Si tratta di una fattispecie delittuosa procedibile d’ufficio e di competenza del Tribunale monocratico. Non è consentito né l’arresto né il fermo. Allo stesso modo non è applicabile la custodia cautelate in carcere né tantomeno l’applicazione di altre misure cautelari personali.     

Indice

  1. Intralcio alla giustizia (art. 377 c.p.)
  2. Una questione ampiamente dibattuta

 

1. Intralcio alla giustizia (art. 377 c.p.)

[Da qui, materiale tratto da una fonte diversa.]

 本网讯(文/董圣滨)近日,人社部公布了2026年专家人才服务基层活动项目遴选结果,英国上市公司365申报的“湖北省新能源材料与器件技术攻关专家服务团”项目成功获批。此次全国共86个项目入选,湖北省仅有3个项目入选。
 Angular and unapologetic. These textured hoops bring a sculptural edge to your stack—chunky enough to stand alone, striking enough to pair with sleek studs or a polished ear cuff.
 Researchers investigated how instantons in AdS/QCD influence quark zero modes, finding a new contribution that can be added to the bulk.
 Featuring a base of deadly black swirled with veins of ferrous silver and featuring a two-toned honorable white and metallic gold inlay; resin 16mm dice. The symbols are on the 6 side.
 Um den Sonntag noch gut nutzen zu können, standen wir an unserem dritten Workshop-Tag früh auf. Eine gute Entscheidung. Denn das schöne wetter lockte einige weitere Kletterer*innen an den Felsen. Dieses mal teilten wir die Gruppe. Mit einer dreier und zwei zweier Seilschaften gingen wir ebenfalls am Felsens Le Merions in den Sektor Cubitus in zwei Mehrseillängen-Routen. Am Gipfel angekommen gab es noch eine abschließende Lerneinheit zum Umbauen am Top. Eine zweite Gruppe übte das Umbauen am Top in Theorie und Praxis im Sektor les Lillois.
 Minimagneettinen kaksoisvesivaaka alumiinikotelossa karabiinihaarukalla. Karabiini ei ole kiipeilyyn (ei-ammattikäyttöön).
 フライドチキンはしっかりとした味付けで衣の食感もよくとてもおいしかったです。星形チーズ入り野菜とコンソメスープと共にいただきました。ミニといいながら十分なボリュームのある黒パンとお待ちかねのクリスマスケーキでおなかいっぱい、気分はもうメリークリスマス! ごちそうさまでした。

Testualmente la norma in scrutinio recita: “Chiunque offre o promette denaro o altra utilità alla persona chiamata a rendere dichiarazioni davanti all’autorità giudiziaria o alla Corte penale internazionale ovvero alla persona richiesta di rilasciare dichiarazioni al difensore nel corso dell’attività investigativa, o alla persona chiamata a svolgere attività di perito, consulente tecnico o interprete, per indurla a commettere i reati previsti dagli articoli 371bis, 371ter, 372 e 373, soggiace, qualora l’offerta o la promessa non sia accettata, alle pene stabilite negli articoli medesimi ridotte dalla metà ai due terzi.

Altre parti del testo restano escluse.